Carbon Match market update

Wednesday 18 Dec 2019

Market Update: Getting there on markets - NZUs are fairly well bid to $24.65/$24.70, best offered at $24.75 with light volume trading over the past week.

COP25 is still underway in Madrid and one of the key issues outstanding is to develop a "rule book" for how to implement Article 6 of the Paris Agreement, which is the part of the Paris agreement that would enable international co-operation and the potential recognition or use of international carbon markets.

Article 6 was the only part of the Paris rulebook that could not be agreed at COP24 in December 2018 and there is considerable pressure to finalise the rule book for Article 6 this year in Madrid.

In particular one of the big challenges is accounting guidance on the operation of Article 6.2, which provides for country to country transfers of mitigation. Likewise controversy abounds over Article 6.4, which would provide a new centralised mechanism - effectively a new international carbon market.

With New Zealand's projected emissions over the 2021-2030 period likely to significantly overshoot its current NDC (target) under the Paris Agreement, the issue of how to access, recognise and account for international emissions is very important.

With a likely overshoot of our Paris budget of some 200 million tonnes, we have three ways of closing the gap: grow it, buy it from someone else, or do some really significant dieting so that we can tighten our own domestic belt.

Ideally we would do all three. But currently the NZ ETS is a something of a desert island, a domestic-only market.

Meanwhile the whole idea of international trading of carbon reductions remains fraught. To the economic purist, the concept enables least cost abatement to take place first and is consistent with a more efficient transition to lower carbon economies.

But many parties are concerned that the concept potentially undermines the whole ambition, by creating incentives to assume lower targets in the hope of being able to receive recognition for mitigation transfered to others.

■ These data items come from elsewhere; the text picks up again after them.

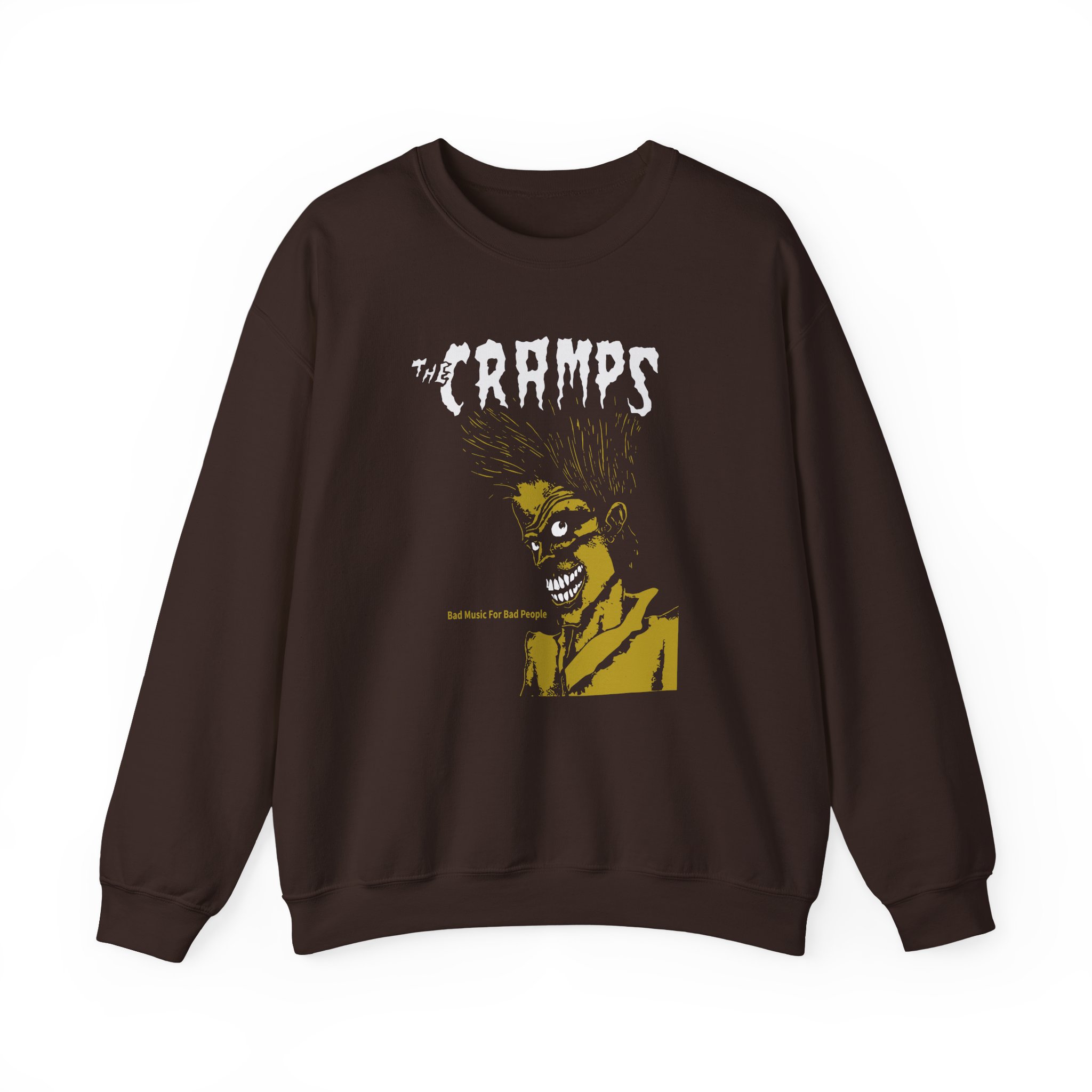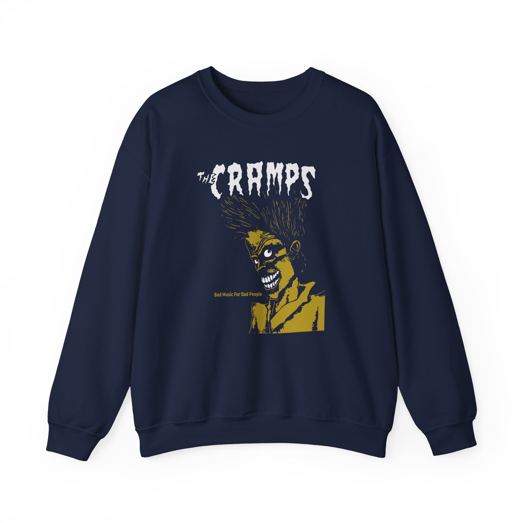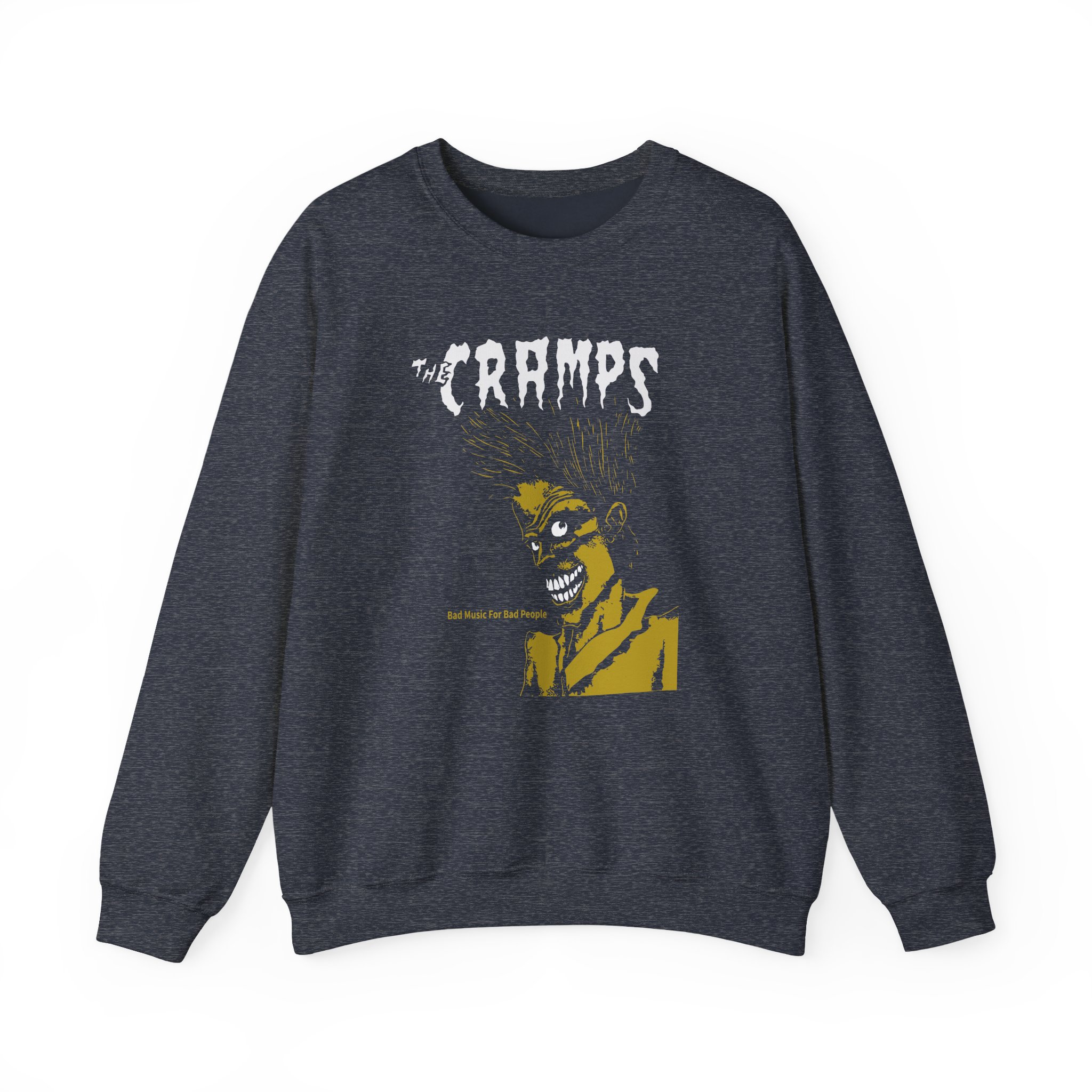 The Gildan 18000 sweatshirt is a The Cramps Bad Music for Bad People unisex heavy blend crewneck made from a 50/50 cotton-polyester fabric, combining softness with lasting durability. Its smooth surface supports crisp, vibrant prints and embroidery, while the ribbed-knit collar and reinforced cuffs help it keep its shape over time. A seamless body design reduces irritation and adds to overall comfort. Practical, sturdy, and print-friendly, the Gildan 18000 sweatshirt remains a top choice for custom apparel.
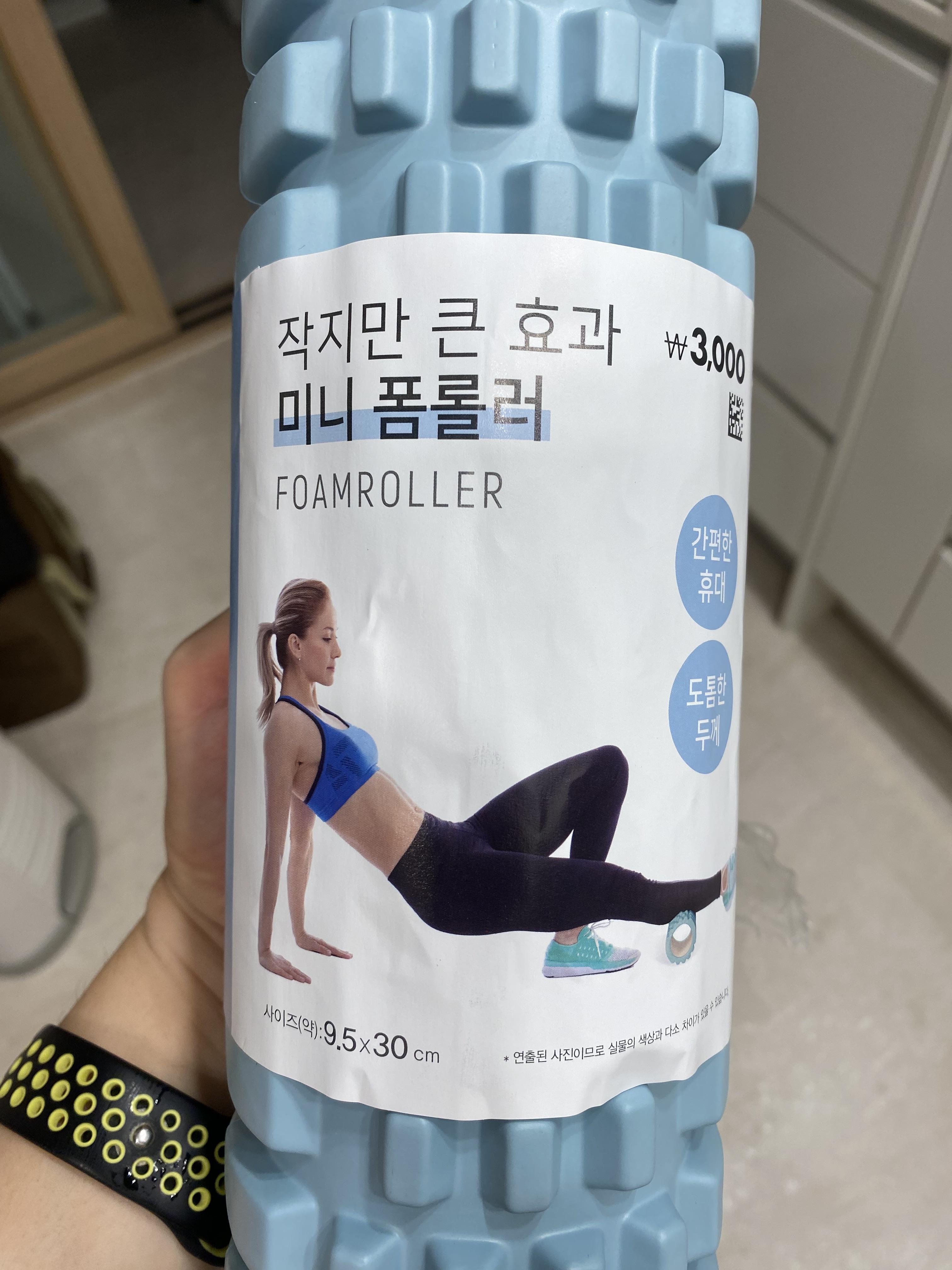 요즘 들어 엉덩이 쪽 근육이 자주 뭉치고 엉치뼈 있는 곳 근육이 딱딱해 오래 앉아 있질 못해서 요쪽 근육을 어떻게 풀어줘야 하나~ 고민이었는데 유튭 방송에서 폼롤러로 뭉친 근육을 풀어주는 영상을 보고 아~ 저거다 싶더라고요. 언제 한번 구입해 봐야겠다 생각만 했었는데 다이소에서 실물을 보고는 바로 질렀습니다. 가격도 3천 원 전혀 부담이 안되는 제품이고 사이즈도 크기가 너무 크면 집에 보관하기가 그래서 무작정 구입하기 애매했었는데 미니 폼롤러는 굵기도 그렇고 길이도 딱~!! 완전 맘에 드는 폼롤러였습니다.
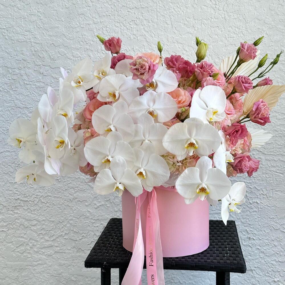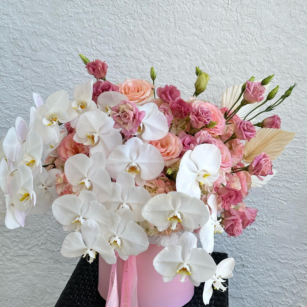 орхідея - 4 шт. Гортензія рожева - 15 шт. Лізіантус Аліса білий - 10 шт. троянда - 25 шт.
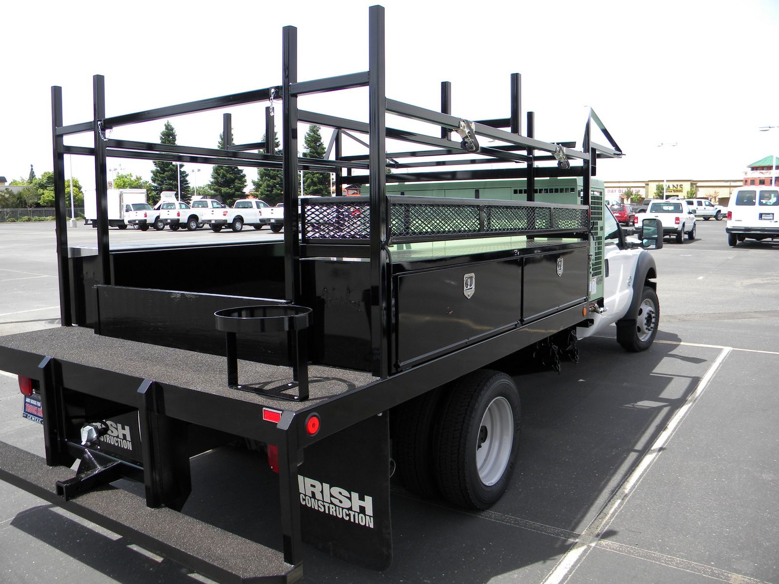 North Bay Truck Body in Cordelia, CA recently delivered one of many units for Irish Construction to the selling dealer, Paul Brown of Larry Geweke Ford in Yuba City, CA. The client has specific needs in their flatbed fleet and Bob Dias at North Bay Truck Body was happy to work with Irish Construction to fulfill their needs. Based on what I saw in this truck, it is a sweet rig and well designed.
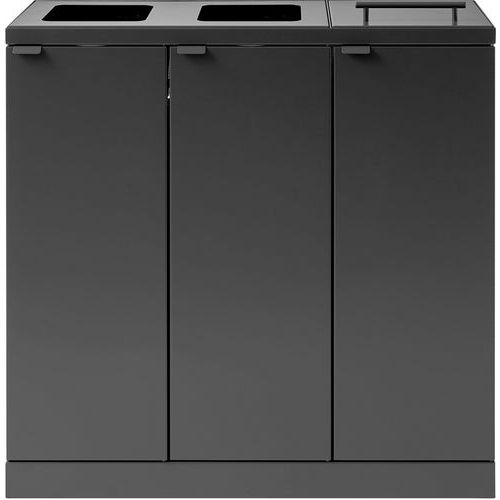 Poubelle élégante et fonctionnelle pour 3 flux de déchets en acier thermolaqué haute qualité.
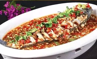 這道菜是根據(jù)經(jīng)典菜肴—饞嘴魚改良而來,圓蔥碎、野山椒碎、剁椒碎炒香后淋入蒸魚豉油、生抽和陳醋,熬好的味汁酸辣爽口,口味遠遠超過饞嘴魚。

To some, the whole idea is just downright distasteful.

Even within New Zealand we can witness a change of approach. It was not long ago that the previous National government exhibited total unwillingness to limit the import of international Kyoto units into the NZ ETS, (even as real carbon prices fell to a matter of cents per tonne). That stance rested on the grounds that a tonne of CO2 and its equivalents removed from the atmoshere was a tonne, no matter where the reduction came from.

But things have changed. Fast forward to recent Select Committee input and it is very clear that the appetite to rely on international carbon markets is tentative on all sides of the house. Indeed the CCRA Zero Carbon Amendment Act states that "Emissions budgets must be met, as far as possible, through domestic emissions reductions and domestic removals."

The question is, at what cost of carbon? Very little has happened at $25 and below.

As it stands today, we don't seem to have a plan to source any significant domestic reductions other than from forestry, whose contribution can scale up only slowly. Sequestration from forestry might at best close 25% of the gap between BAU and the budget implied by our current Paris target.

And then only if confidence among forest owners and other would-be forest landowners is preserved. Instead, landowners who are interested in carbon face toxic politics, cross neighbours and ever greater complexity. Bring out the kid gloves.

NZUs - bid $24.70, offered $24.75.
Carbon Match - every weekday from 1-5pm.